(EXERCISE OBJECTIVE):
With the pictures left out, transcribe exactly the lines from the one with "The printer comes" through the end of the data.

(DATA BELOW):
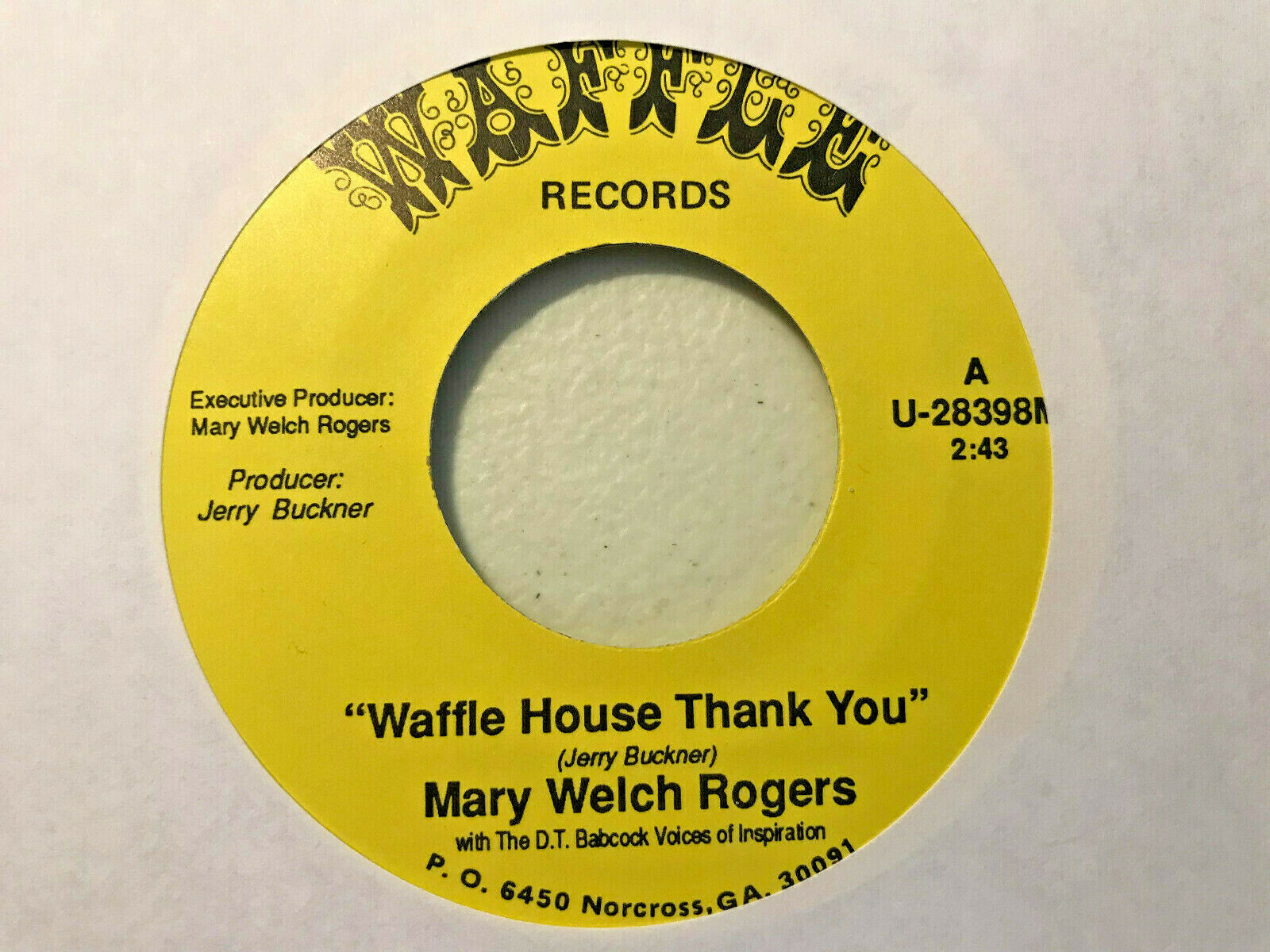 WAFFLE HOUSE JUKEBOX RECORDS SPECIAL BUNDLE!!!!! 10 RECORDS FOR $20 / LIMITED TIME OFFER THESE WAFFLE HOUSE RECORDS ARE PRISTINE 45 RPM PRESSINGS FROM THE PERSONAL COLLECTION OF PRODUCER/SONGWRITER JERRY BUCKNER THAT WERE NEVER LOADED ON THE JUKEBOXES In 1984 Jerry teamed with Mary Welch Rogers to form Waffle Records based in Atlanta, GA. Together they produced a string of original music tracks for Waffle House that are featured on their in-store jukeboxes . Jerry is co-writer and artist for the classic 80's hit "Pac-Man Fever" as released by Buckner & Garcia BUNDLE LIST 1 “There’s 844,739 Ways To Eat A Hamburger At Waffle House” Billy Dee 2 “Overdoing” Mary Welch Rogers 3 “Waffle House Family 1 ” Mary Welch Rogers 4 “ Saturday Night At My Place” Gary Garcia 5 “Waffle House Thank You" Mary Welch Rogers 6 “They’re Cookin’ Up My Order” Alfreda Gerald 7 “Songs About Me” Trace Adkins 8 “Waffle House Hashbrowns I Love You” Billy Dee Cox Alfreda Gerald 9 “Last Night I Saw Elvis At The Waffle House” Danny Jones 10  " Bert" Jason Phelps
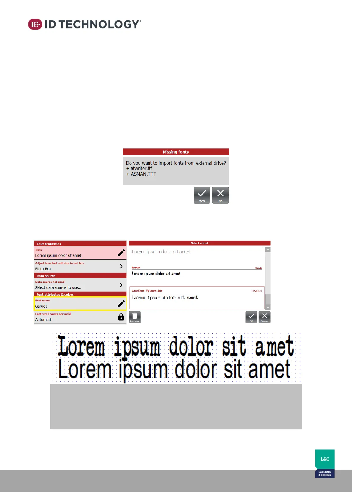 The printer comes with many Font types. It is possible to load more fonts in case a new font is
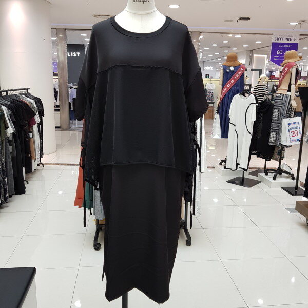 메쉬소재가 레이어드 되어 독특하면서도 시원해보이는 롱원피스입니다.

(RESULT OF THIS EXERCISE):
 The printer comes with many Font types. It is possible to load more fonts in case a new font is
 메쉬소재가 레이어드 되어 독특하면서도 시원해보이는 롱원피스입니다.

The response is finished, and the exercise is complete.